Business continuity with Azure SQL Database

To protect your business from data loss, SQL Database automatically creates

  • Full database backups weekly
  • Differential database backups every 12 hours
  • Transaction log backups every 5 – 10 minutes

The backups are stored in RA-GRS storage blobs for 7 days Basic service tier, 14 days for Standard and 35 days for Premium service tiers. It’s also replicated to a paired data centre for protection against a data centre outage.

Microsoft provides Azure SQL Database with 99.99% availability SLA on all its service tiers and 99.995% SLA for the business-critical or premium tiers in the regions that support availability zones. For the latest updates check the below link.

https://azure.microsoft.com/en-gb/support/legal/sla/sql-database/v1_4/

There are two high-availability architectural models that are used in Azure SQL Database:

  • Standard availability model
  • Premium availability model

Standard availability model (Basic, Standard, and General Purpose service tier availability)

Standard availability model separates compute and storage. It relies on high availability and reliability of the remote storage tier (Azure Premium Storage Disks).

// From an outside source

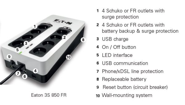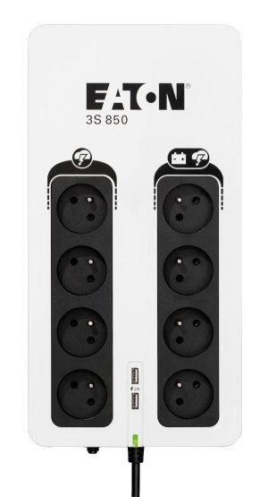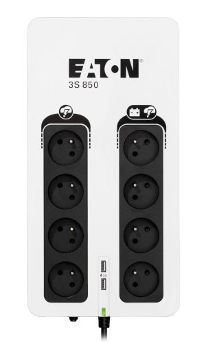 UPS Eaton 3S pomáha chrániť vašu výpočtovú techniku v prípade výskytu nežiaducich javov a udalostí, ako sú atmosférické výboje, búrky, preťaženie rozvodnej siete, poruchy a živelné udalosti, spôsobujúce bez predchádzajúceho varovania výpadky napájania z elektrorozvodnej siete. Pri úplnom výpadku poskytuje UPS záložné napájanie z batérie až štyrom z ôsmich pripojiteľných zariadení. Tento záložný zdroj tiež chráni telefónne, širokopásmové a Ethernetové pripojenie proti prepätiu. Softvér na odstavenie umožňuje automatické uloženie rozpracovaných úloh a ukončenie vašich aplikácií bez straty dát vďaka prepojeniu USB portom . Po obnovení napájania budete môcť pokračovať presne z bodu, v ktorom ste aplikáciu ukončili. Vďaka atraktívnemu dizajnu a páčivej povrchovej úprave UPS 3S dokonale zapadne do moderného kancelárskeho prostredia .

This architecture targets budget-oriented business applications that can tolerate some performance degradation during maintenance activities.

This model has two layers:

  1. A stateless compute layer (Active compute nodes):
  • It runs the sqlservr.exe process.
  • Contains only transient and cached data, such as TempDB, model databases on the attached SSD, and plan cache, buffer pool, and column store pool in memory.
  • Operated by Azure Service Fabric that
    • initializes sqlservr.exe,
    • controls health of the node and
    • performs failover if necessary.
  • A stateful data layer (Azure Storage accounts):
  • The database files (.mdf/.ldf) are stored in remote Azure Blob storage its a Page Blob and file path is an HTTPS URL.
  • This Azure blob storage is set with LRS so 3 copies are made available with thing the same data centre for redundancy feature.
  • The data file are preserved even if SQL Server process crashes.
  • The TempDB database is not using Azure Premium Storage, it is located on the local SSD storage.

During the database engine or the operating system is upgraded, or a failure is detected, Azure Service Fabric will move the stateless SQL Server process to another stateless compute node so the data in Azure Blob storage is not affected by the move, and the data/log files are attached to the newly initialized SQL Server process. This process guarantees 99.99% availability, but a heavy workload may experience some performance degradation during the transition since the new SQL Server instance starts with cold cache.

Premium availability model (Premium and Business Critical service tier availability)

  • This model integrates both computing resources (SQL Server Database Engine process) and storage (locally attached SSD) on a single node and it replicates both computing and storage to additional nodes creating a three to four-node cluster.
  • It’s used for mission-critical applications with high IO performance, high transaction rate and guarantees minimal performance impact to your workload during maintenance activities.
  • The database files (.mdf/.ldf) are placed on the attached SSD storage to provide very low latency IO to your workload.
  • The cluster has a single primary replica (SQL Server process) for read-write workloads, and up to three secondary replicas (compute and storage) containing copies of data. An extra feature on this the premium availability model is the ability to redirect read-only SQL connections to one of the secondary replicas with additional compute capacity at no extra charge. This feature is called Read Scale-Out.

Zone redundant configuration

Premium availability model, by default the cluster of nodes database is created on the same data center. We can place different replicas to different availability zones in the same region to eliminate a single point of failure. As shown below, the control ring is duplicated across multiple zones as three gateway rings (GW) and the routing is controlled by Azure Traffic Manager (ATM). Having the database replicas in different datacentres increases the network latency and the commit time, hence it slightly impacts the performance of some OLTP workloads.